┌──
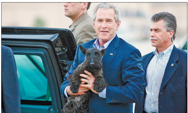
Президент США Джордж Буш зі своїм собакою. 2006 рік

Меган переїхала в Лондон у листопаді 2017 року. У зв'язку з цим вона могла б почати процедуру отримання британського громадянства в листопаді 2020-го. Експерти уточнюють, що протягом цього періоду допустимо перебування за межами Великої Британії протягом не більш як 270 днів, однак Меган не вдалося впоратися із цією вимогою.
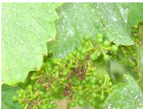
A kérés több fajtában is gyengén alakult
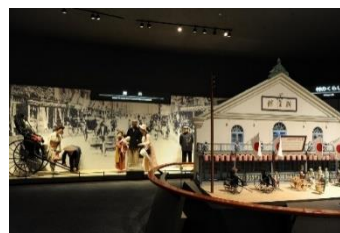
常設展示室（近現代ブース）

平成7(1995)年1月31日の開館以来、「 横浜に生きた人々の生活の歴史 」をテーマに数多くの歴史資料の収集や調査研究をおこない、それらを紹介する展覧会を開催しています。博物館に隣接する国指定史跡「大塚・歳勝土遺跡」を中心とした遺跡公園とあわせて、多くの方にご来館いただいております。
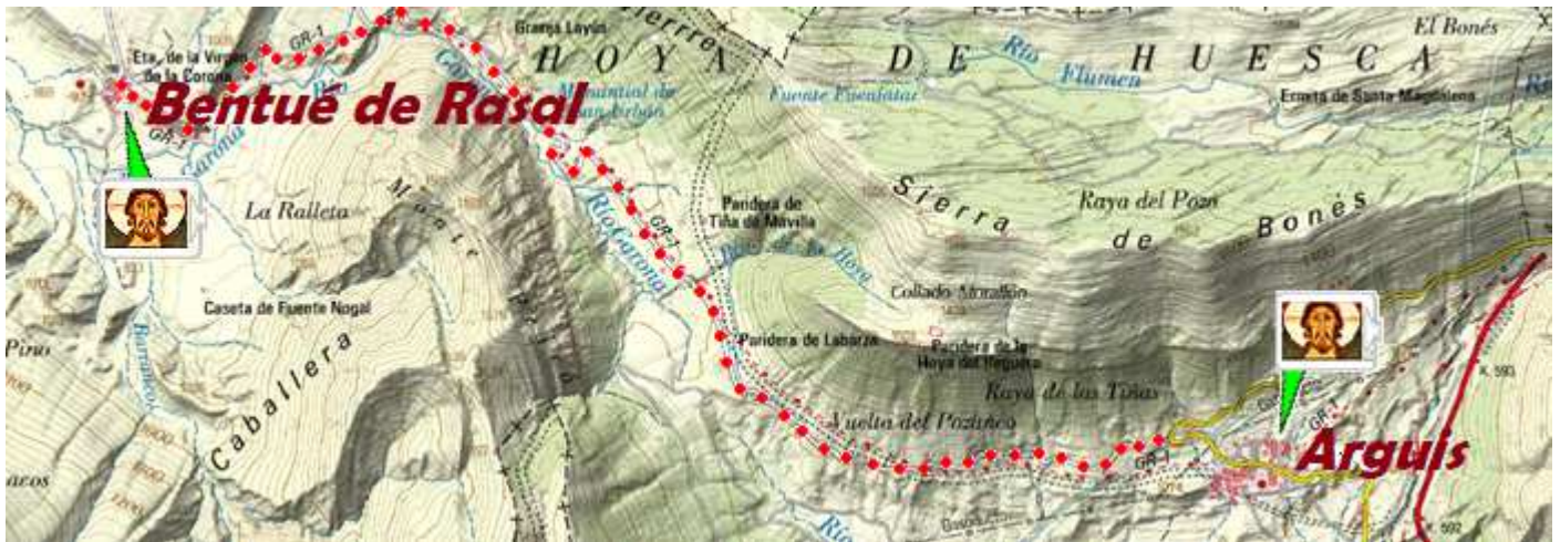
📍 Croquis desplazamiento Bentué de Rasal por la estrecha carretera que lleva pareja el GR-1. Mapa Leaflet CC BY 4.0
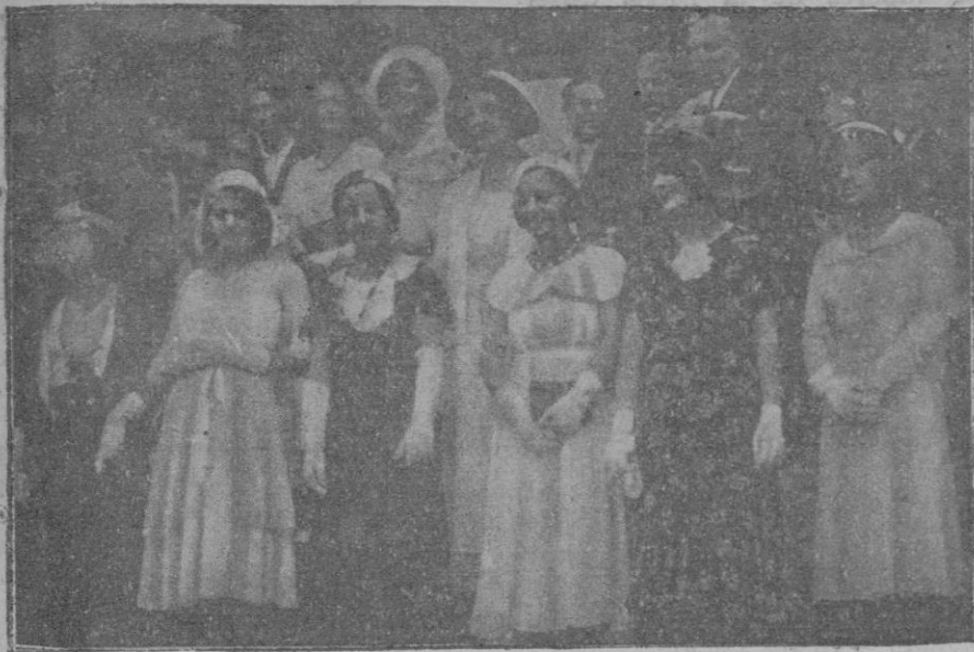
Grupo de bellas señoritas que actuaron de madrinas de las banderas republicanas
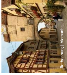
Rothenburg | Alemanha

Após o café da manhã, transferido ao aeroporto.
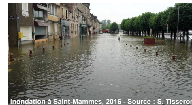
Inondation à Saint-Mammès, 2016
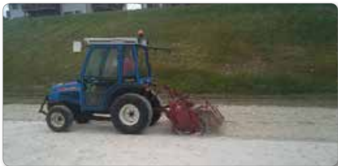
Frezanje igrišča na mivki.

Zahvaljujemo se županu in Občinskemu svetu Občine Ribnica na Pohorju za prejetu priznanje ter vsem, ki ste naš dogodek počastili s svojo prisotnostjo, in našim mladim nastopajočim. Posebna zahvala pa gre tudi vsem našim sponzorjem, ki so nam omogočili, da smo ta projekt lahko izpeljali. Takšni dogodki dajejo članom društva novo energijo. Tudi v sekciji odbojkerskega kluba so že v začetku junija postavili nove stebre in mrežo na odbojkerskem igrišču. Igranje na mivki je zelo priljubljeno, zato s sprotnim frezanjem igrišča zagotavljamo dobre pogoje za igranje. Članice te sekcije so izredno uspešne v medobčinski odbojkerski ligi, saj so sezono 2016/2017 zaključile z osvojenim 1. mestom, takšen uspeh pa se jim nasmiha tudi v sezoni 2017/2018. Z veseljem sodelujejo na turnirjih v sosednjih občinah, prav tako pa vsako leto v okviru našega občinskega praznika organizirajo turnir in dvoranski odbojki. V društvu so tudi poskrbeli za udeležbo članov na izobraževanju za sodnike odbojke.
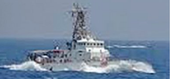
ଆବାହାମ ଆକର୍ଡ୍ ସହ ଯୋଡ଼ିବାକୁ ମଧ୍ୟ ପ୍ରୟାସ କରୁଛନ୍ତି । ଏହି ସାମିତ ଆକ୍ରମଣ ପରେ ଭର୍ମାନ ପାଇଁ ପରିସ୍ଥିତି ଶାନ୍ତ ପଡ଼ିଛି । କତାରରେ ଚାଲିଥିବା ଶାନ୍ତି ଆଲୋଚନା ଜାରି ରହିଥିବା ବେଳେ ହର୍ମୁଜ ପ୍ରଣାଳୀରେ ନିଜର ପ୍ରଭାବ ବଳବତ୍ତର ରଖିବାକୁ ଆମେରିକା ଏହି ଚେତାବନାପୂର୍ଣ୍ଣ ଆକ୍ରମଣ କରିଥିବା ସ୍ପଷ୍ଟ ଜଣାପଡ଼ିଛି ।

ଆମେରିକାର ସୁକ୍ଷ୍ମବିମାନକୁ ଟାର୍ଗେଟ୍ କରିବା ପରେ ଆମେରିକା ସେନା ଜବାବା କାର୍ଯ୍ୟାନୁଷ୍ଠାନ ସ୍ୱରୂପ ସେହି ଲକ୍ଷ୍ୟକୁ ସମ୍ପୂର୍ଣ୍ଣ ଭାବେ ଉଡ଼ାଇ ଦେଇଛି । ଫୋଖାଗନ୍ ସୁତ ଅନୁଯାୟୀ, ଏହି ଆକ୍ରମଣ ସାମିତ ଥିଲା ଏବଂ ଏହାଦ୍ୱାରା ଭରାନ୍ ସହ ଚାଲିଥିବା ଶାନ୍ତି ଆଲୋଚନା ବା ଅସ୍ତବିରତି ଶେଷ ହୋଇନାହିଁ । ଏହି ସାମରିକ ଚିକ୍ତା ମଧ୍ୟରେ ଆମେରିକା ରାଷ୍ଟ୍ରପତି ତୋନାକୁ ଟ୍ରମ୍ପ ନିଜର ସୋସିଆଲ ମିଡିଆ ସ୍ୱାଗତ୍ୟରେ ଏକ ବଡ଼ ବୟାନ ଦେଇଛନ୍ତି । ସେ ଭରାନ୍‌ର ସମସ୍ତ ସମୂହ ଯୁବାନିୟମକୁ 'ପରମାଣୁ ଧୁଳି' ବୋଲି ଅଭିହିତ କରିଛନ୍ତି । ସେ କହିଛନ୍ତି ଯେ, ଶାନ୍ତି ରୁକ୍ତ ପାଇଁ ଭରାନ୍‌ର ନିଜର ସମସ୍ତ ଯୁବାନିୟମ ନଷ୍ଟ କରିବାକୁ ହେବ କିମ୍ବା ଅନ୍ତର୍ଜାତୀୟ ନିରାକ୍ଷଣରେ ଏହାକୁ ଆମେରିକା ହାତକୁ ହସ୍ତାନ୍ତର କରିବାକୁ ପଡ଼ିବ । ସେ ଏହି ଶାନ୍ତି ପ୍ରକ୍ରିୟାକୁ
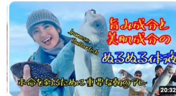
第10話“魚の宝庫 浦島グリの超絶品魚” 434 回視聴・3 週間前
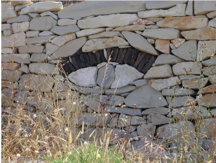
Soutènement du talus de la ligne TGV Méditerranée à Tavel, Gard, France, 1998.
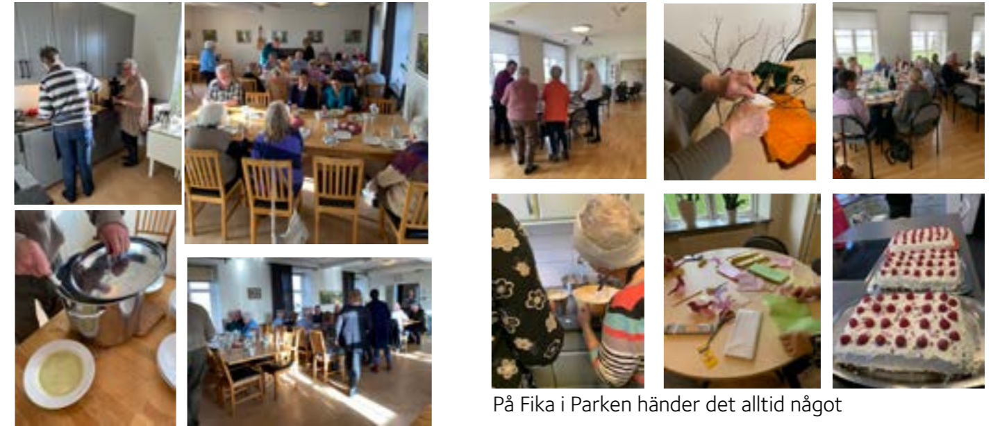
Sopplunch i Klagstorp
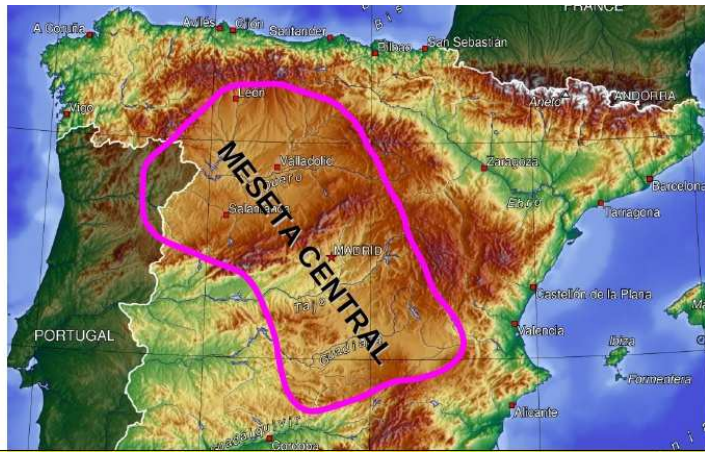
La principal estructura del relieve de la Península Ibérica es la Meseta Central
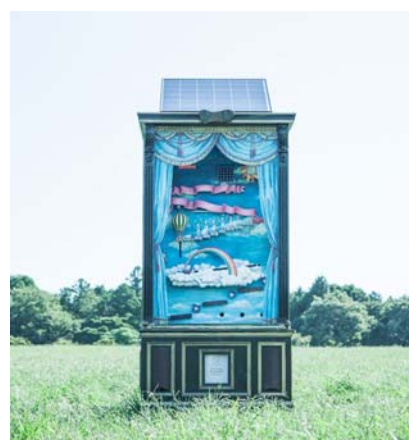
『太陽光のカラクリ箱』

TVCMでは「太陽光ができることってなんだろう?」という問いかけから、太陽光発電を皮切りに、風や雲や雨、そして緑が生まれていく様子を表現する中で「太陽光を何に変えようプロジェクト」の宣言を行います。また、CM内では太陽光から電気と熱をつくることのできるノーリツの製品「ダブルソーラー」も紹介します。
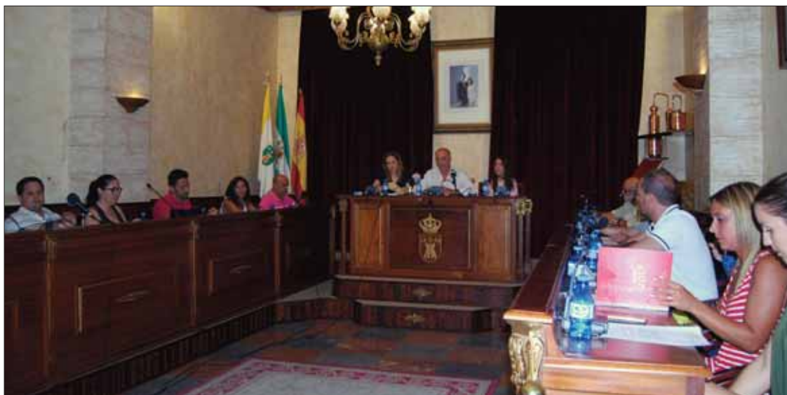
Un momento la sesión ordinaria celebrada en el salón de plenos a mediados de julio/MM

El alcalde explicó que, pese a contar con los recursos económicos necesarios, la partida no se
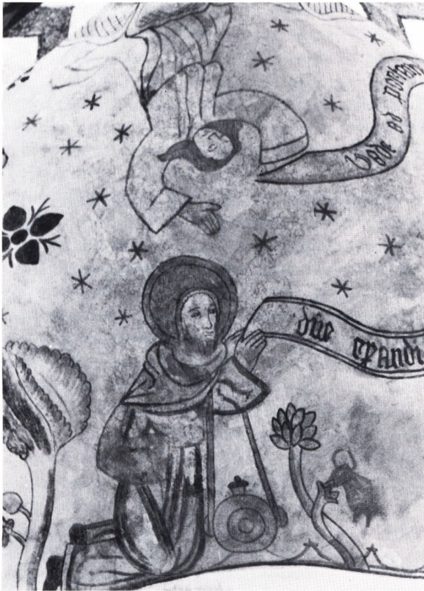
Fig. 3. Englen viser sig for den bedende Joachim.

stilling af den apokalyptiske kvinde. Dette må anses som en naturlig følge af motivvalget i hvælvet over altertavlen, hvor englen som før nævnt forudsiger Marias store hellighed.
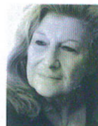
di Mariella Morosi
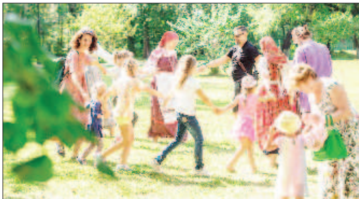
Семейният фестивал "Традиция" ще се проведе за седми път

В държавния историко-литературен музей-резерват "А. С. Пушкин" и парка "Захарово" на 20 август ще бъде открит седмият литературно-музикален фестивал "Традиция". Тази година той се провежда с подкрепата на Президентския фонд за културни инициативи, Министерството на културата и туризма на Московска област и администрацията на Одинцовски градски окръг в Московска област. Семейният фестивал "Традиция" обединява любители на изкуството без възрастови ограничения. Имението и паркът "Захарово" ще са пикник под открито небе, където в различни кътчета ще се състоят над 50 разнообразни събития - концерти, викторини, творчески срещи, майсторски класове, панаир.
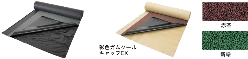
彩色ガムクールキャップEX
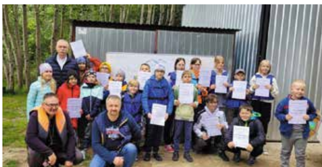
To było radosne podsumowanie sezonu.

Młodzi żeglarze ze Szkółki Żagle Cedzyna wraz z rodzicami i organizatorami zajęć zakończyli sezon żeglarski i podsumowali działalność szkółki. Zajęcia odbywały się dzięki programowi dofinansowanemu przez gminę Masłów, w ramach działalności pożytku publicznego.
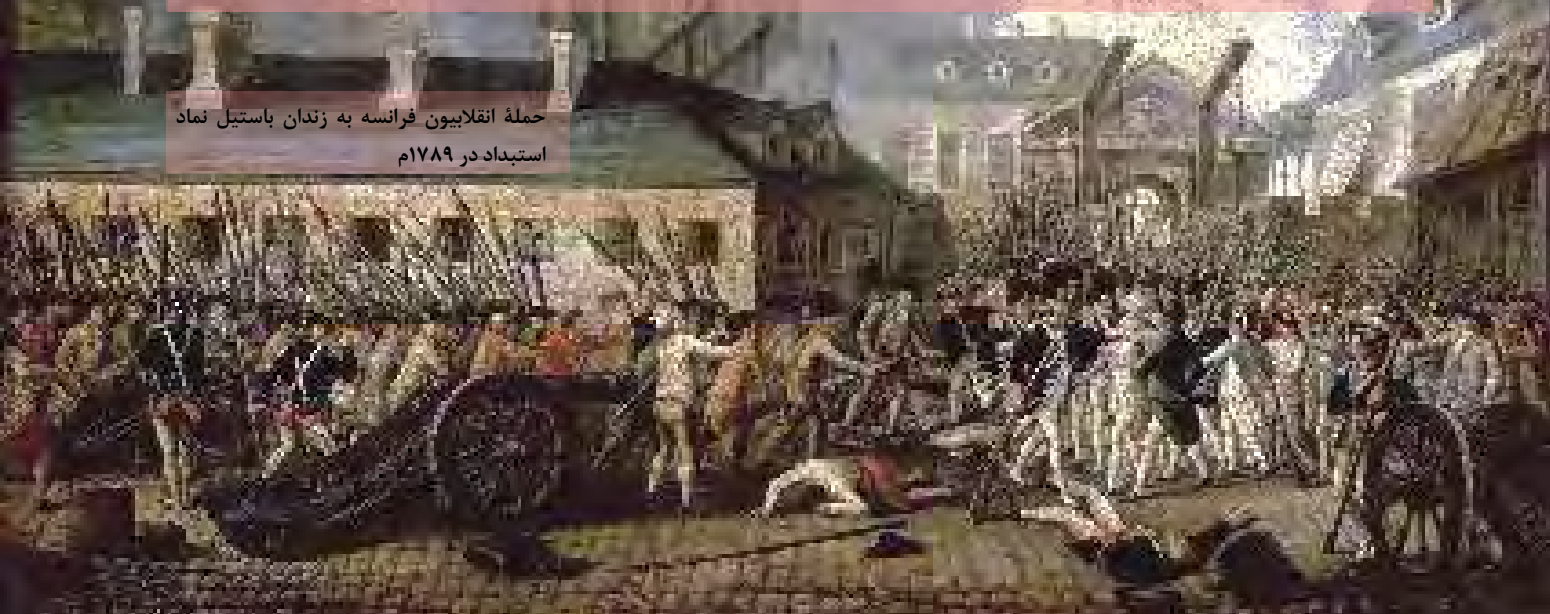
حملهٔ انقلابیون فرانسه به زندان باستیل نماد استبداد در ۱۷۸۹م

سرانجام در ۱۴ ژوئیه ۱۷۸۹ مردم غالباً بی‌نوا و خشمگین پاریس با حمله به زندان باستیل انقلاب خویش را آغاز کردند. انقلابیون سرانجام لویی شانزدهم پادشاه مستبد فرانسه را وادار به امضای قانون اساسی جدید و پذیرش نظام مشروطهٔ سلطنتی کردند. مدتی بعد انقلابیون تندرو پادشاه را عزل و نظام جمهوری را برقرار کردند. آنان سپس لویی و همسرش ماری آنتوانت را اعدام کردند. اعدام این دو و افکار و شعارهای آزادی خواهانهٔ انقلاب موجب ترس و خشم کشورهای اروپایی
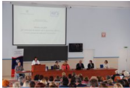
Konferencja „Wiem, co jem – jak wdrażać w szkole od 1 września 2015 r. nowe prawo w zakresie żywienia?” w Ciechanowie
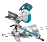
LS1018N Potezno nagibna testera
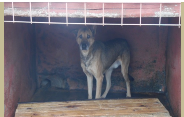
Razza : meticcio Sesso: maschio Microchip n.° 939000010028966 Stato: Non adottabile (aggressivo) Ricoverato da febbraio 2005
└──
### Work to complete
In the listing above, find the line containing "Меган переїхала в" and the line containing "Zahvaljujemo se županu". Print those two lines and every line between them exactly, with no pictures.

### Task answer
Меган переїхала в Лондон у листопаді 2017 року. У зв'язку з цим вона могла б почати процедуру отримання британського громадянства в листопаді 2020-го. Експерти уточнюють, що протягом цього періоду допустимо перебування за межами Великої Британії протягом не більш як 270 днів, однак Меган не вдалося впоратися із цією вимогою.
A kérés több fajtában is gyengén alakult
常設展示室（近現代ブース）

平成7(1995)年1月31日の開館以来、「 横浜に生きた人々の生活の歴史 」をテーマに数多くの歴史資料の収集や調査研究をおこない、それらを紹介する展覧会を開催しています。博物館に隣接する国指定史跡「大塚・歳勝土遺跡」を中心とした遺跡公園とあわせて、多くの方にご来館いただいております。
📍 Croquis desplazamiento Bentué de Rasal por la estrecha carretera que lleva pareja el GR-1. Mapa Leaflet CC BY 4.0
Grupo de bellas señoritas que actuaron de madrinas de las banderas republicanas
Rothenburg | Alemanha

Após o café da manhã, transferido ao aeroporto.
Inondation à Saint-Mammès, 2016
Frezanje igrišča na mivki.

Zahvaljujemo se županu in Občinskemu svetu Občine Ribnica na Pohorju za prejetu priznanje ter vsem, ki ste naš dogodek počastili s svojo prisotnostjo, in našim mladim nastopajočim. Posebna zahvala pa gre tudi vsem našim sponzorjem, ki so nam omogočili, da smo ta projekt lahko izpeljali. Takšni dogodki dajejo članom društva novo energijo. Tudi v sekciji odbojkerskega kluba so že v začetku junija postavili nove stebre in mrežo na odbojkerskem igrišču. Igranje na mivki je zelo priljubljeno, zato s sprotnim frezanjem igrišča zagotavljamo dobre pogoje za igranje. Članice te sekcije so izredno uspešne v medobčinski odbojkerski ligi, saj so sezono 2016/2017 zaključile z osvojenim 1. mestom, takšen uspeh pa se jim nasmiha tudi v sezoni 2017/2018. Z veseljem sodelujejo na turnirjih v sosednjih občinah, prav tako pa vsako leto v okviru našega občinskega praznika organizirajo turnir in dvoranski odbojki. V društvu so tudi poskrbeli za udeležbo članov na izobraževanju za sodnike odbojke.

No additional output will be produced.